The Géométrie such as it is defined by Euclide in this text was regarded during centuries as the geometry and it was difficult to remove this supremacy to him; Nicolaï Ivanovitch Lobatchevsky was the first to officially test there as of 1826, followed János Bolyai, but the legend wants that it was not taken with serious until the death of Gauss, when one discovered among the drafts of this last which it had also imagined to him of the nonEuclidean geometries.

In the books of Euclide a result appears which one calls the postulate of Euclide and which states that by a point taken out of a line it passes one and only one parallel on this line . There are primarily three kinds of geometries: that which admits the postulate of Euclide and which one calls plane geometry or Euclidean geometry , that which admits the postulate which says that by a point taken out of a line it does not pass any parallel on this line and that one calls spherical geometry or geometry riemanienne and that which admits the postulate which says that by a point taken out of a line it passes an infinity of parallels on this line and that one calls geometry of Lobatchevsky . Riemann showed that a model of the spherical geometry is the geometry of the sphere where the lines are the meridian lines or large circles. Poincaré gave a model of the geometry of Lobatchevsky. Since these three geometries have models, it there no reason of as a priviligier one rather than the other. The Theory of relativity of Einstein carried a fatal blow to the geometry of Euclide by showing the curve of space . Indeed when space curve , it gives up its Euclidean aspect.

Euclide was also interested in the Arithmétique in book 7. It thus defined the division which one calls Euclidean Division and a algorithm to calculate the highest common factor of two numbers, known under the name of Algorithme of Euclide.

Euclide is also the author of the Données (94 theorems) and of optics and reflecting the . Its writings Surfaces , Porismes , the Conical S , the book of the Paradox S and the Elements of Music have all disappeared.

Euclide was perhaps not a mathematician of foreground, but the quality of the Elements in made the Master of mathematics of antiquity.

  • Introductio harmonica , where it treats music;

  • Optica, Catoptrica ;
  • De Divislonibus (of the division of the polygons) , disputed work and of which there remains only one Latin version;
  • Porismes , restored according to the analysis left by Pappus and published in 1860 with Paris by Michel Chasles.

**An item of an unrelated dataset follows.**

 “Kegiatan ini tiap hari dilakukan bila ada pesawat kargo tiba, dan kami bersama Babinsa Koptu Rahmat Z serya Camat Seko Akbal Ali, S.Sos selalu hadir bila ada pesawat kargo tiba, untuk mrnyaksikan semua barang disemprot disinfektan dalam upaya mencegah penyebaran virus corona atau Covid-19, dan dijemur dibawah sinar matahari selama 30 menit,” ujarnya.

Its complete Œuvres was given by David Gregory, Oxford, 1703, Greek-Latin, and was translated into French by François Peyrard, Paris, 1814 - 1818, 3 volumes in-4, with Greek text and Latin translation.

Contemporary bibliography

Euclide, the elements . Volume I, Books I-IV, plane Geometry; transl. of the text of Heiberg and comments by Bernard Vitrac; general introduction by Maurice Caveing. Paris: University presses of France, 1990. (Library of history of sciences). 531 p. ISBN 2-13-043240-9.

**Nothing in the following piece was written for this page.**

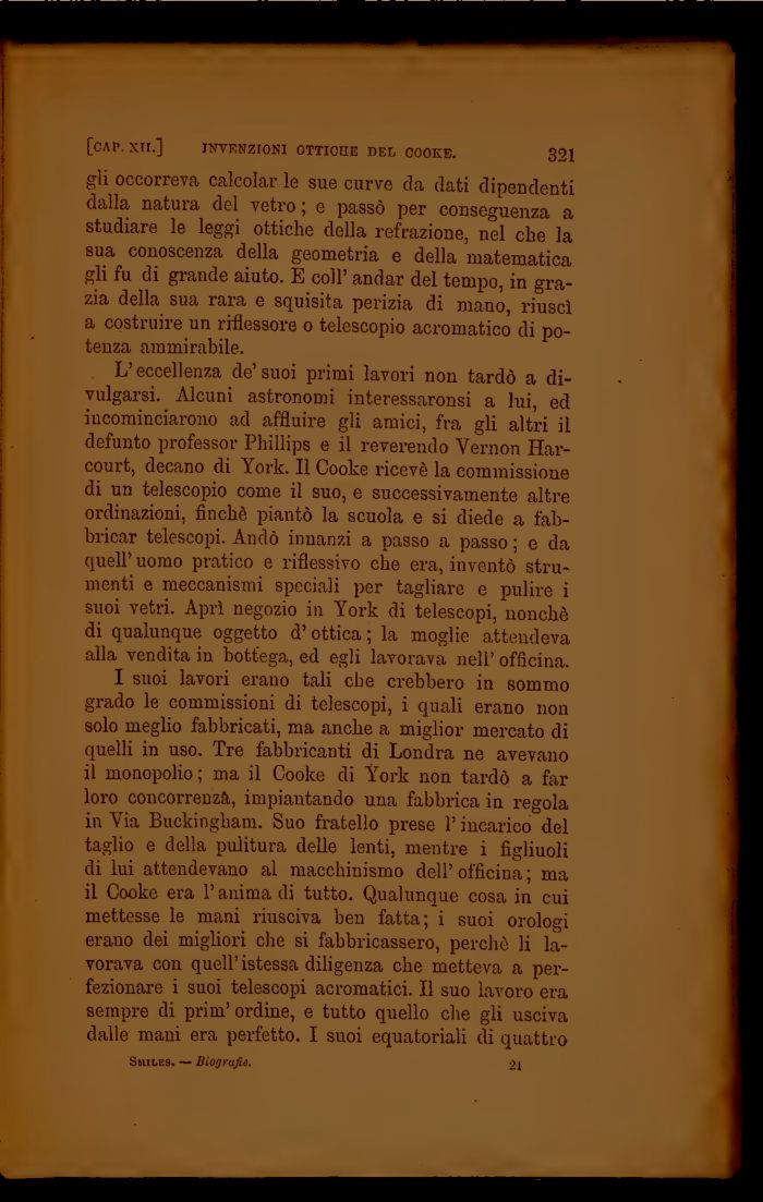 I suoi lavori erano tali che crebbero in sommo grado le commissioni di telescopi, i quali erano non solo meglio fabbricati, ma anche a miglior mercato di quelli in uso. Tre fabbricanti di Londra ne avevano il monopolio; ma il Cooke di York non tardò a far loro concorrenza, impiantando una fabbrica in regola in Vìa Buckingham. Suo fratello prese l'incarico del taglio e della pulitura delle lenti, mentre i figliuoli di lui attendevano al macchinismo dell'officina; ma il Cooke era l'anima di tutto. Qualunque cosa in cui mettesse le mani riusciva ben fatta; i suoi orologi erano dei migliori che si fabbricassero, perchè li lavorava con quell' istessa diligenza che metteva a perfezionare i suoi telescopi acromatici. Il suo lavoro era sempre di prim' ordine, e tutto quello che gli usciva dalle mani era perfetto. I suoi equatoriali di quattro

Euclide, the elements . Volume II, Books V to IX V-VI, Proportions and similarity; Books VII-IX, Arithmetic; transl. of the text of Heiberg and comments by Bernard Vitrac. Paris: University presses of France, 1994. (Library of history of sciences). 572p. ISBN 2-13-045568-9.

Euclide, the elements . Volume III, Delivers X, Grandeurs commensurable and incommensurable, classification of the irrational lines; transl. of the text of Heiberg and comments by Bernard Vitrac. Paris: University presses of France, 1998. (Library of history of sciences). 432 p. ISBN 2-13-049586-9.

Euclide, the elements . Volume IV, Delivers XI-XIII, Géométrie of the solids; transl. of the text of Heiberg and comments by Bernard Vitrac. Paris: University presses of France, 2001. (Library of history of sciences). 482 p. ISBN 2-13-051927-X.